[Opening RECORDS FOR THIS TASK section]

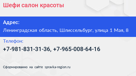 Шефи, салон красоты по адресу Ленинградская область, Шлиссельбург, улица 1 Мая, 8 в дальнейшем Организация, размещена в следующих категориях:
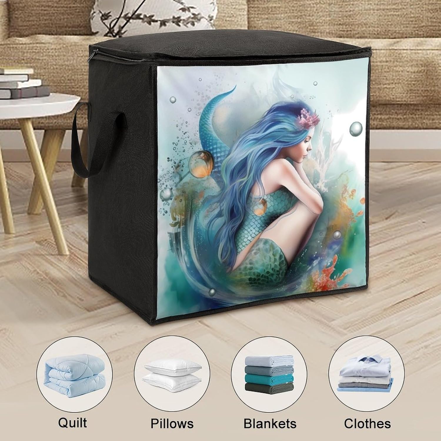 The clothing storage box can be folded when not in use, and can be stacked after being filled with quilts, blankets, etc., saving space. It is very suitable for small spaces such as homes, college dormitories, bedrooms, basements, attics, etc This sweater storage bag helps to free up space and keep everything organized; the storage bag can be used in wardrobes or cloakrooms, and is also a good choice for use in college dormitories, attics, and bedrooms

[Closing RECORDS FOR THIS TASK section]
[Opening RECORDS FOR THIS TASK section]

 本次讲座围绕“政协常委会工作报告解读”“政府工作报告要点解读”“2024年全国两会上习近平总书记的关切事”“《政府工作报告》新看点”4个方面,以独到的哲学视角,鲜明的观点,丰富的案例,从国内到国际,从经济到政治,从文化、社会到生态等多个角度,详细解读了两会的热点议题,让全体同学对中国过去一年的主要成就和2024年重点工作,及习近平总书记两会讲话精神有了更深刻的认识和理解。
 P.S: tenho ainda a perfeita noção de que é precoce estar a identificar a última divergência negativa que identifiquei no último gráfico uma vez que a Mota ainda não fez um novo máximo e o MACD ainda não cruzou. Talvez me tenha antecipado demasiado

[Closing RECORDS FOR THIS TASK section]
[Opening RECORDS FOR THIS TASK section]

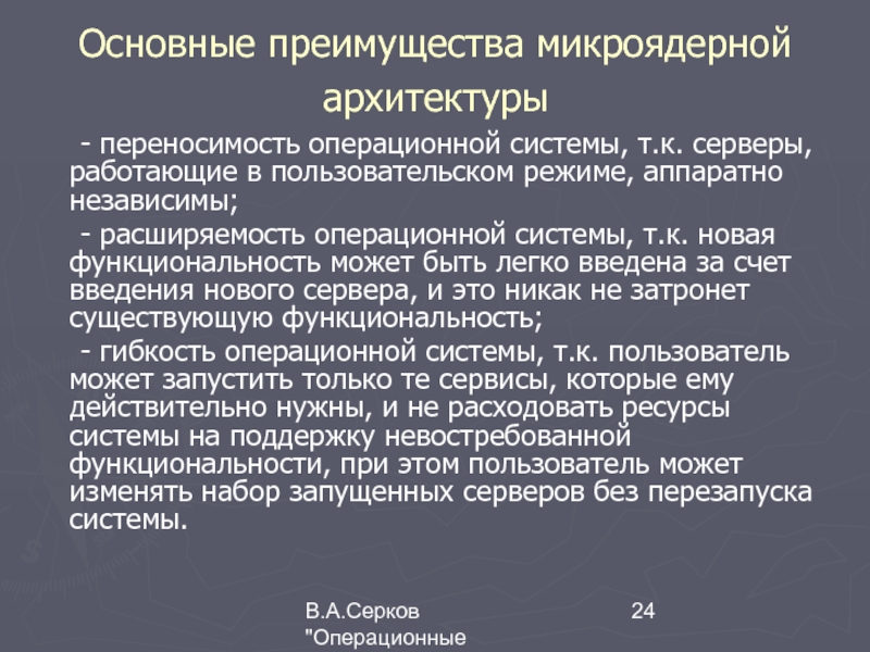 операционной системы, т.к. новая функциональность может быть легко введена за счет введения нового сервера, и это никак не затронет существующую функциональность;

[Closing RECORDS FOR THIS TASK section]

# [TO DO]
Look above for the line with "Шефи, салон красоты" and the line with "The clothing storage", then copy them and all lines in between exactly as written, and only those, without any pictures.

# [REPLY TO THE EXERCISE]
 Шефи, салон красоты по адресу Ленинградская область, Шлиссельбург, улица 1 Мая, 8 в дальнейшем Организация, размещена в следующих категориях:
 The clothing storage box can be folded when not in use, and can be stacked after being filled with quilts, blankets, etc., saving space. It is very suitable for small spaces such as homes, college dormitories, bedrooms, basements, attics, etc This sweater storage bag helps to free up space and keep everything organized; the storage bag can be used in wardrobes or cloakrooms, and is also a good choice for use in college dormitories, attics, and bedrooms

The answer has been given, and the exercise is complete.